Ayhan Bilgen, Millet İttifakı’nı hedef aldı! ‘Tencere dibin kara’ muhalefeti’

Yayın tarihi: 22 Mart 2023 Çarşamba 6:17 pm - Güncelleme: 22 Mart 2023 Çarşamba 6:17 pm

Millet İttifakı’nı hedef alan SES Partisi Genel Başkanı Ayhan Bilgen “İçeride ‘tencere dibin kara’ siyaseti yapmak bizce muhalefet değildir” dedi.

AKP’den milletvekili adayı olacağı yönündeki haberlerle gündemde olan SES Partisi Genel Başkanı Ayhan Bilgen, partisinin seçimlerde nasıl hareket edeceğine yönelik bilgi paylaştı, mevcut ittifaklar hakkında değerlendirmelerde bulundu.

Radyo Sputnik’e konuk olan Bilgen, Millet İttifakı’nın topluma güven vermediğini öne sürdü, Millet İttifakı’nda dış politika ve ekonomi politikalarındaki görüşlerin ortaklaşmadığını belirtti.

Ayhan Bilgen kapıyı kapatmadı! “Teklif gelirse değerlendiririz”

 

‘TEMEL POLİTİKALARI TARTIŞMIYORLAR’

Bilgen şunları söyledi:

“Altılı masadaki partilerin temel politikaları tartışmaktan kaçındıklarını düşünüyorum. Ekonomi politikasında ve dış politikada netleşmedikçe diğer söylediğiniz lafların hepsi havada kalır. Şimdiye kadar yapılan yanışlarla ya yüzleşeceksiniz ya da şimdiye kadar yapılanlar doğruydu diyeceksiniz. Doğruysa; siz alternatif değilsiniz. Kusura bakmayın. Ekonomi politikaları yanlış deseniz oradaki partilerden birisi gocunuyor. Suriye politikası ile ilgili bir eleştiri yapsanız birisini yıpratmış oluyorsunuz. O zaman ne olacak? Buradan ülke yönetimi çıkaramazsınız. Daha dış politikada ve ekonomi politikasında ortak, net bir tutum ortaya koyamazsanız yarın kazansanız bile ülkeyi nasıl yöneteceksiniz? Herkes kendi yaptığını mutlak doğru olarak tarif edecek ama birlikte resim vereceksiniz. Bu toplumda da güven oluşturmaz bir kere. Yani insanlar haklı olarak derler ki; ‘Bunlar en kritik anlarda, bir kriz ile karşılaştığımızda bırakın yanlış, doğru kararı; karar alamazlar’ Yani ben burada bir yöntem yanlışı olduğu kanaatindeyim. Temel sorunların halının altına süpürülmek yerine yüzleşilmesi gerekir.

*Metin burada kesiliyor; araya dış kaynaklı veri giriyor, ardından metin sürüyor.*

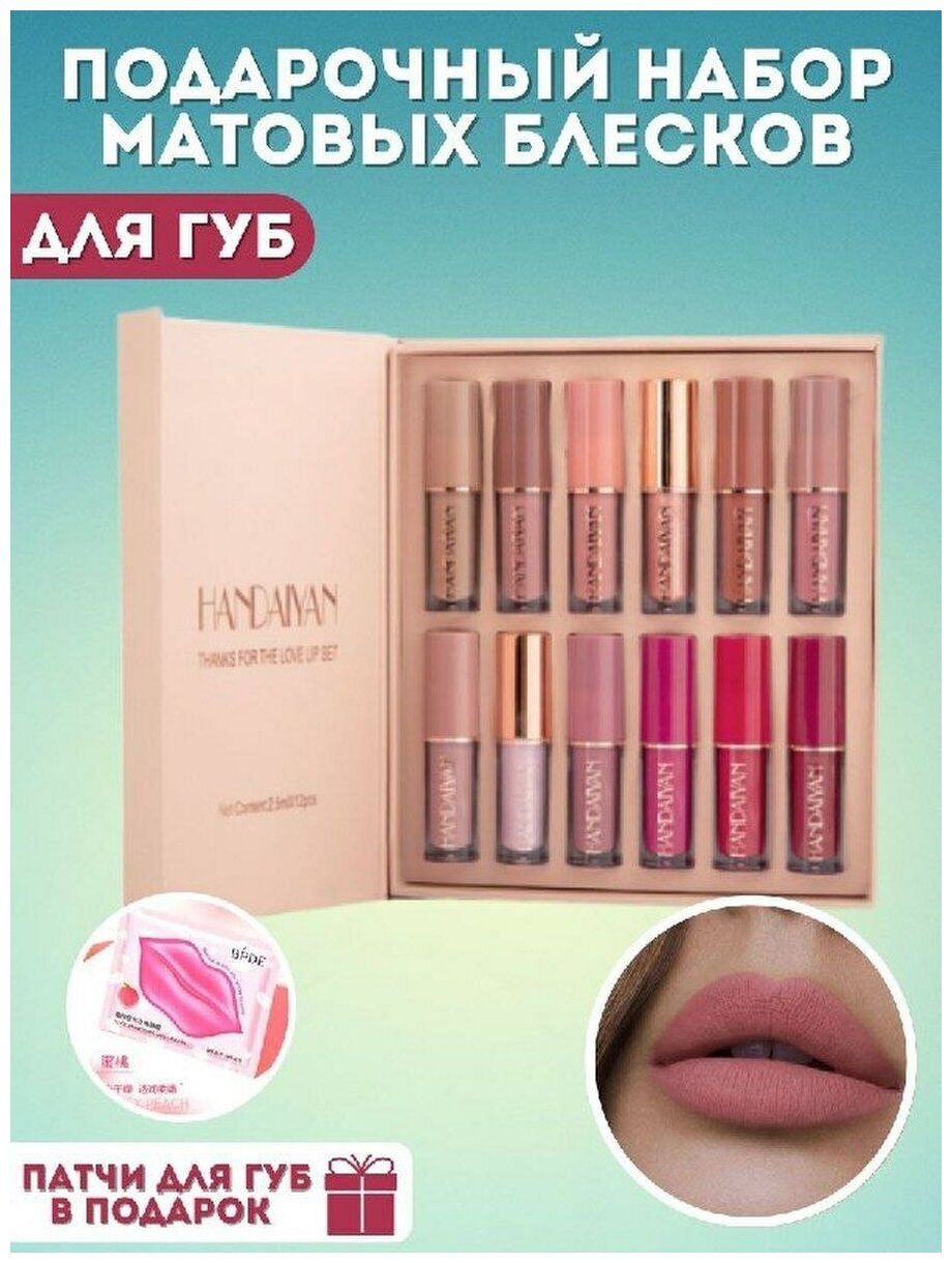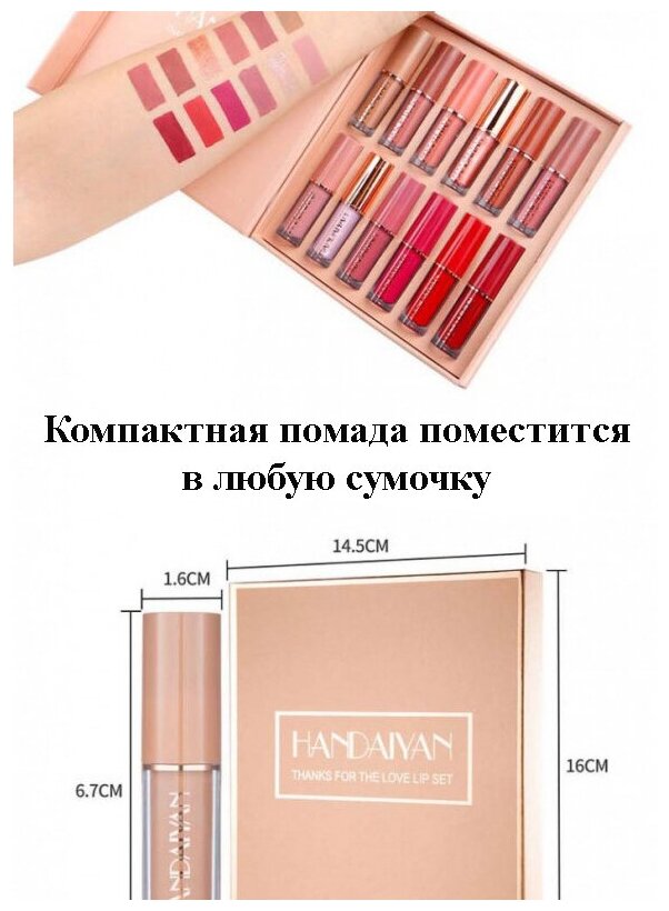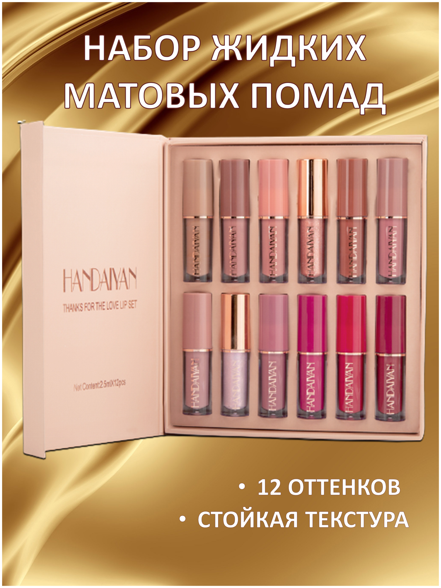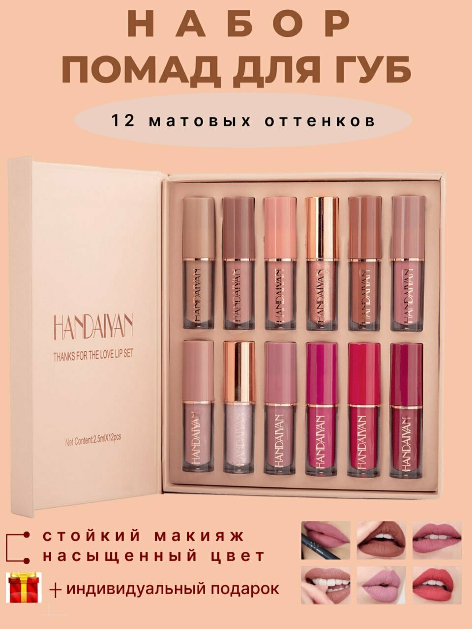 HANDAIYAN Набор жидких матовых помад, оттенок мультиколор

‘TENCERE DİBİN KARA’ MUHALEFETİ…’

Türkiye’de siyaset ne yazık ki fazla iç çekişmelere, küçük kişisel rekabetlere, partiler arası polemiğe fazla odaklanmış durumda. Hem ekonomi politik hem savaş stratejileri, güç dengeleri bütün bunları görmezden gelip içeride ‘tencere dibin kara’ siyaseti yapmak bizce muhalefet değildir. Türkiye’ye bir katkısı da olmuyor bunun. Tabii ki herkes kendi önerisini; özellikle de dış politikada, ekonomi politikasında ortaya koyar toplum neyi istiyorsa onu tercih eder. Ama bizde ilginç şekilde siyasi partiler seçime gidiyorlar dış politika ile ilgili, ekonomi politikası ile ilgili cümle kurmuyorlar. Sadece ‘sen bana böyle dedin ben sana bunu diyorum’ modunda bir siyaset bu ülkeye büyük bir kötülüktür.

‘GEMİ BATTIKTAN SONRA…’

Bizim siyasetteki derdimiz kişisel olarak birinin koltuktan devrilmesi, ayağının tökezleyip düşmesi, onun yerine bizim oturmamız olamaz ki. Gemi battıktan sonra ben hangi kamaradayım, hangi kattayım çok da önemli değil. Burada önemli olan birlikte bugünkü küresel krizleri okuyup bu coğrafyayı bir sömürgenin pozisyonuna düşürmeden bu ülkede yaşayan insanların çıkarlarını koruyacak bir siyaset konseptini inşa etmektir. Bizim iddiamız Türkiye’de kimlik, inançlar üzerinden siyaset yapmayıp Türkiye’nin aslında geçmişten devraldığı kavgaları değil, dünyanın yarınlarda nereye verildiğini görüp ya da Türkiye’ye yönelik tehdidi, bütün insanlığa dönük riskleri görüp bunlar karşısında nasıl bir siyaset konsepti inşa etmeliyiz? Bunun tartışmasını yapmak.”